Typically, a Ponzi scheme starts when a person promises to invest your money. The investor is often promised a consistent high return. Instead, the money from new investors goes to previous investors.

“What the scammer is telling the new investor is that the money is going into an investment, not that it is going to a previous investor who invested in the same thing,” attorney Jason Kellogg said.

Kellogg specializes in Commercial Class Action litigation. He is representing Gilmer and other people in a class action lawsuit related to the alleged Ponzi scheme.

“Consistently it’s people losing everything, you hear a lot of that,” Kellogg said.  

According to a Federal Trade Commission analysis of consumer complaint data, investment scams promising high returns jumped 70 percent in the second quarter of 2020 compared with the same period in 2019.

Bautista says he thought his money was going to help fund small businesses. He signed a contract with a company named MJ Capital Funding. The business was operating out of a tax office in Pompano Beach.

A civil complaint from the U.S. Securities and Exchange Commission alleges MJ Capital raised at least $70 million in fraudulent security offerings and used at least $20 million of new investor money to pay old investors. The complaint also alleges a portion of $27.4 million went to people responsible for recruiting new investors.

Gilmer said a salesperson lured him in on social media.

“She said don’t worry Gilmer, it’s 100 percent real,” Bautista described.

 Once he was on the hook, he says he invested $45,000.

“Anyone can post whatever they want, anyone can fabricate a complete life on social media, they can show you what they want you to see,” Cinthya Lavin with Better Business Bureau said.

Lavin says social media is one way scammers lure victims into investment schemes.

“What these so-called investors use is the promise of a big change in your life, going from working a regular job or a 9 to 5, even being unemployed to extreme riches,” Lavin says.

Lavin said promises like a consistent, high rate of return and luxury lifestyle should be red flags that an investment may not be legitimate.

She also suggests researching if the person you are giving your money to is registered or licensed to sell the investments they are offering.

“If they are fortunate to find out early, they may be fortunate to enough to get their money back,” Kellogg said.

Bautista is yet to get his money back.  

“With that money I could have done anything else, put a down payment on a car, or for a house, buy an apartment,” Bautista said.

He hopes his story will serve as a warning to others.

“It can happen to anyone,” Bautista said.

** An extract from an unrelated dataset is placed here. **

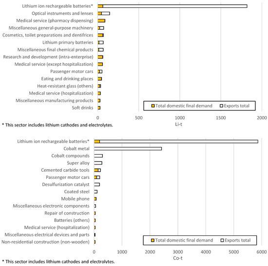 Regarding battery materials, lithium and cobalt are used for lithium-ion rechargeable batteries, which include lithium cathodes and electrolytes, and are predominantly exported to foreign markets (Figure 4). This indicates that domestic recycling minimally impacts securing secondary lithium and cobalt for battery manufacturers in Japan. Considering the lifetime and accumulated volume of lithium-ion rechargeable batteries in the present and future, the primary provision of battery materials is strongly required for the time being. In addition to this viewpoint, the technological trend of cathodes requires consideration in estimating the future stock of recyclable battery materials. Lithium-ion rechargeable battery cathode types vary with the energy and discharge capacities. Lithium-ion rechargeable batteries in the portable electronics market have mainly adopted lithium cobalt oxide (LCO) as a cathode due to its superb energy content per unit volume [72]. Lithium-ion batteries’ energy capacity and ignition danger vary with cathode types [84]. Lithium-ion rechargeable batteries currently use other cathodes, such as lithium nickel–manganese–cobalt oxide (NMC), lithium nickel–cobalt–aluminum oxide (NCA), lithium manganese oxide (LMO) and lithium ferro-phosphate (LFP). The cathode type is generally decided based on the required energy capacity, the cost of raw materials, safety and environmental burdens. Based on the estimated volume of domestically accumulated battery materials and technological trends, policymakers need to consider the possible impacts of policy implementation to promote recycling end-of-life lithium-ion rechargeable batteries. Furthermore, policymakers are required to create intergovernmental cooperation for a global circular flow of lithium-ion batteries since most batteries are exported to foreign countries. In the context of a comprehensive mineral resources policy, the advanced forecast of technical trends of cathode types and the geographically estimated distribution of battery materials are required for policymakers. Nansai et al. (2014) and Nakajima et al. (2018) estimated global distribution for some critical minerals, such as iron, copper, nickel, cobalt, neodymium and platinum, with the WIO-MFA model, but not for lithium [75,77]. For the creation of an international circular flow of critical minerals, the quantitative estimation of overseas destinations is required.
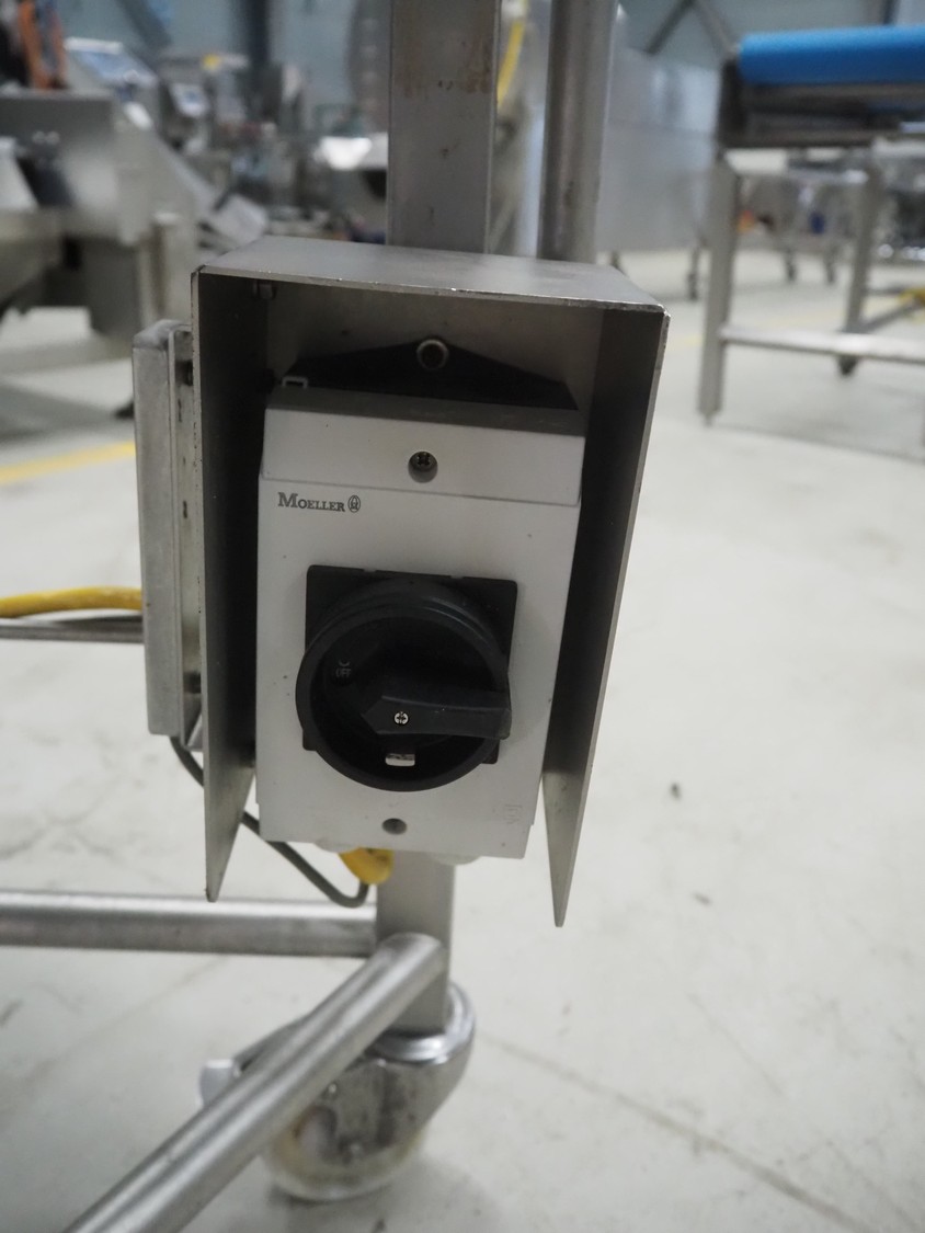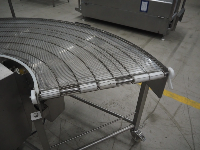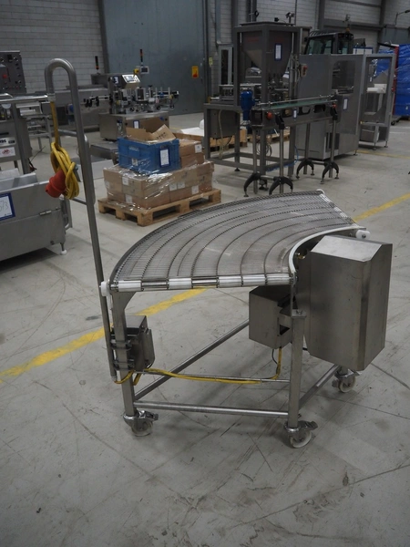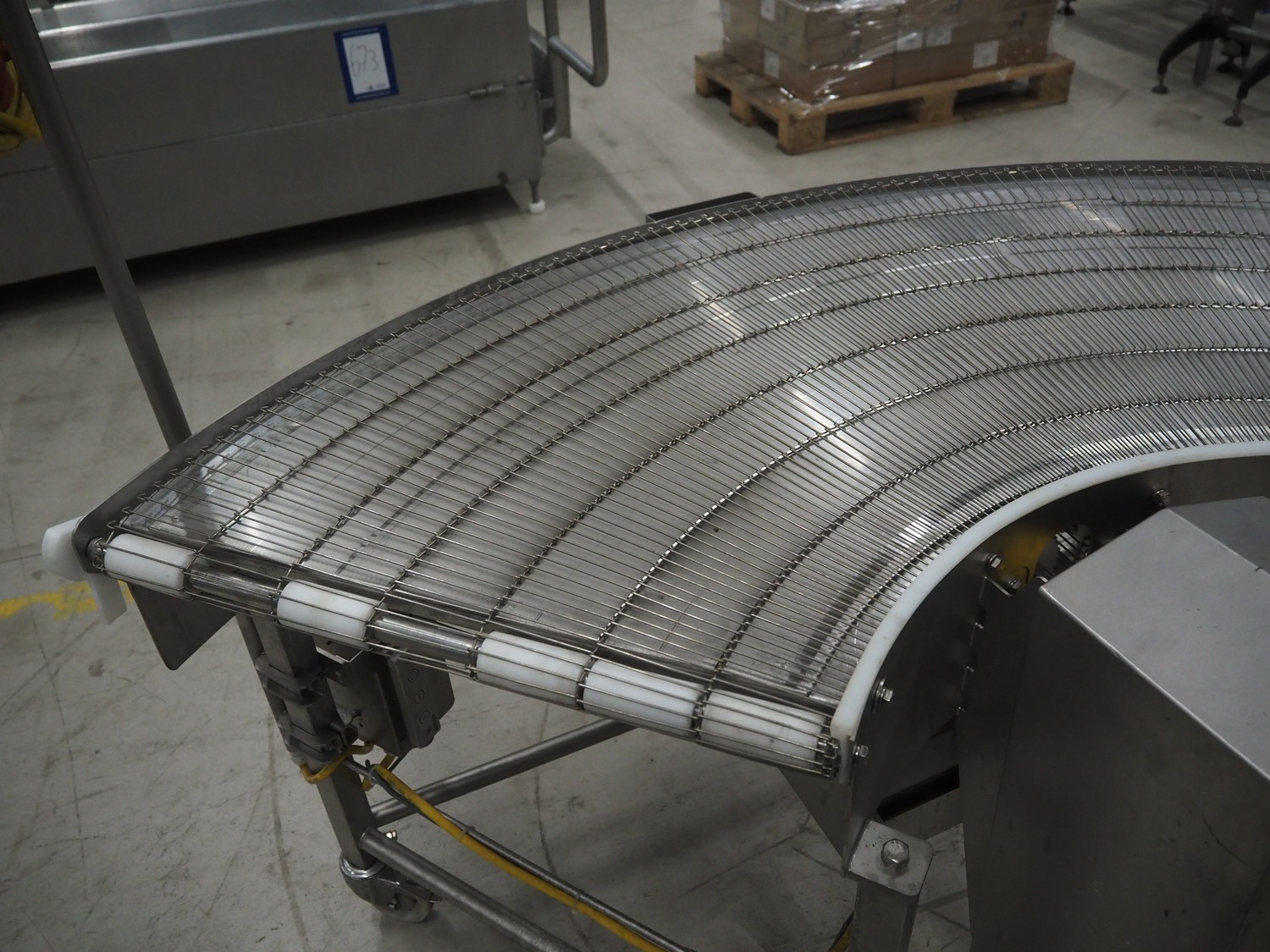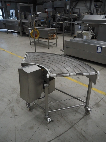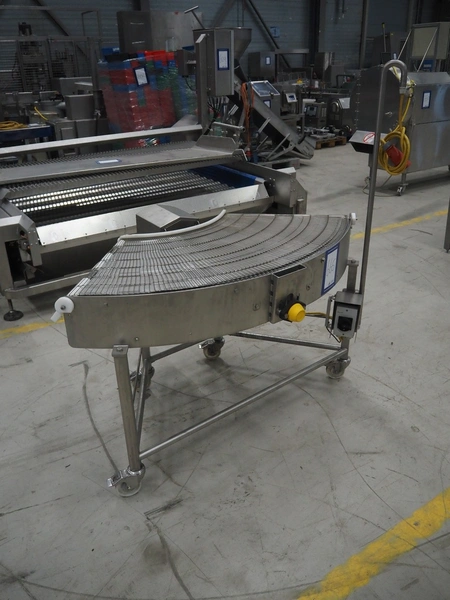 Stork mobile 45° curve conveyor, s/s mesh belt, belt width: 600 mm, total dimensions: 1550 mm x 1050 mm x 1600 mm.

NBC 6 Responds reached out to an attorney representing Johanna Garcia the owner of MJ Capital Funding. No comment has been received, but her attorney has told other media outlets Garcia denies the claims and that she did not do anything knowingly incorrect or improper.

There is also an online petition with over 3200 signatures supporting Garcia. Some signatures are from investors who say they received the money they were promised from MJ Capital Funding.

The case is scheduled to go to trial in May 2023.